Patients will be randomized 1:1 to either oral torsemide OR oral furosemide (dosing at discretion of local provider with dose equivalency guidance provided). This study will include stable subjects seen at the outpatient setting. The initial and follow-up dosing of torsemide and furosemide will be at healthcare provider discretion, with the following conversion provided as a guide: 1 mg torsemide to 2-4 mg oral furosemide. For instance, a patient would receive torsemide 20mg or furosemide 40-80 mg. Providers will be asked to document their planned initial dose and dosing frequency of torsemide and furosemide Randomization will occur within thirty days after the consent process and at the discretion of the healthcare provider and research team.
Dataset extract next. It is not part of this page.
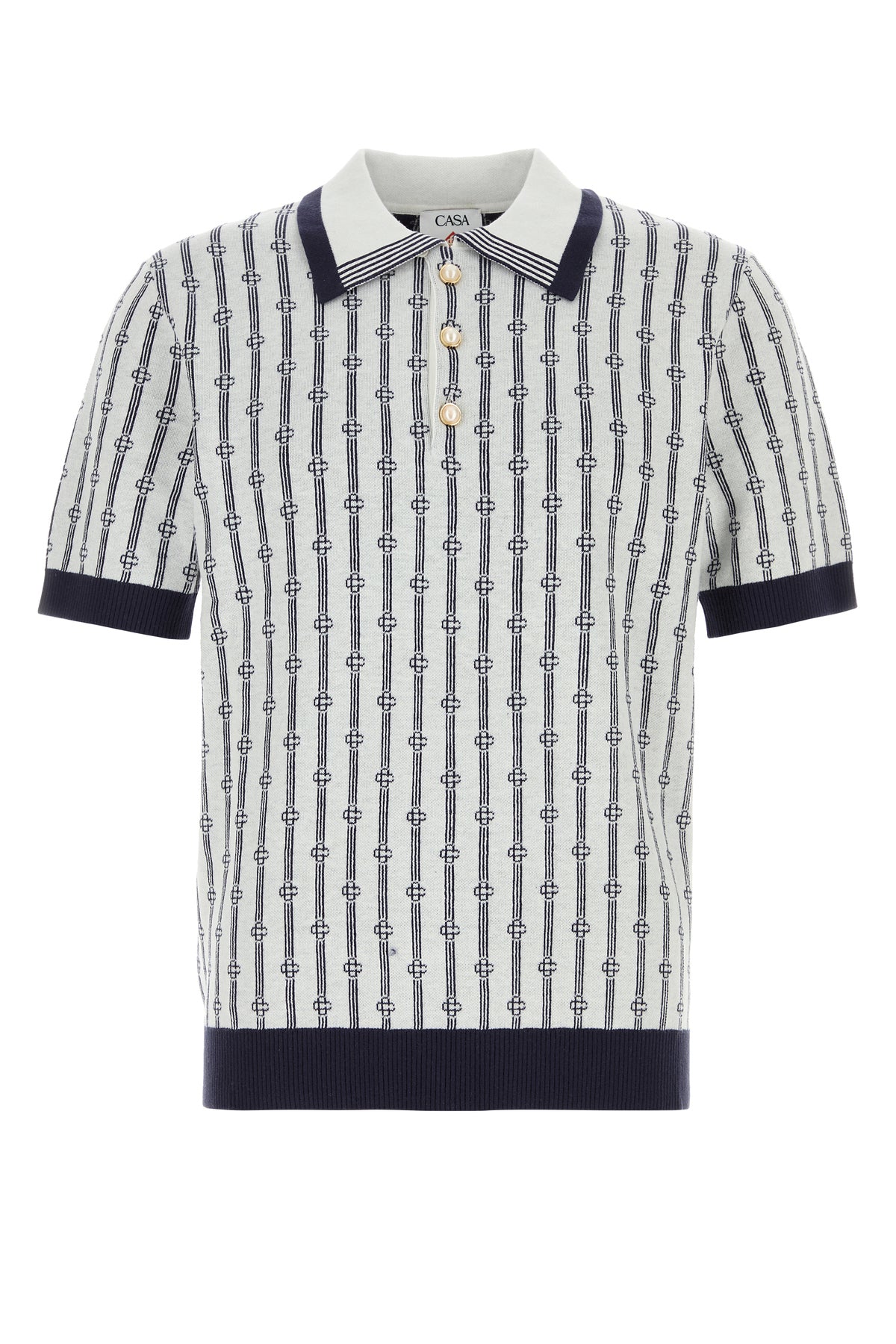 Polo shirt realized in stretch cotton blend characterized by Monogram embroidery on the entire surface.
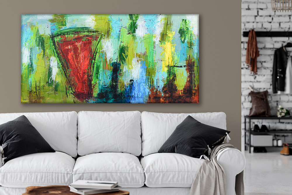Kæmpe lærredstryk er et stemningsfuldt kunstværk i en farvestrålende og moderne stil. Motivet udtrykker både energi og ro og skaber et levende centrum i rummet. De mange farvelag og bløde bevægelser giver værket dybde og karakter, mens det store format gør det ideelt som blikfang i stuen, receptionen eller andre rum, hvor kunsten får lov at dominere.

Following randomization, the study medication is expected to constitute the oral diuretic therapy for one year. Patients will be prescribed the randomized study medication on the day of randomization.

Dose adjustments will be at the discretion of the treating healthcare provider(s) with strategies in place to maintain prescription of and adherence to the randomized medication. All patients will have 30-day, and 12-month post-randomization phone contacts for assessment of vital status, interval hospitalizations, concomitant HF medications, adherence, and weight.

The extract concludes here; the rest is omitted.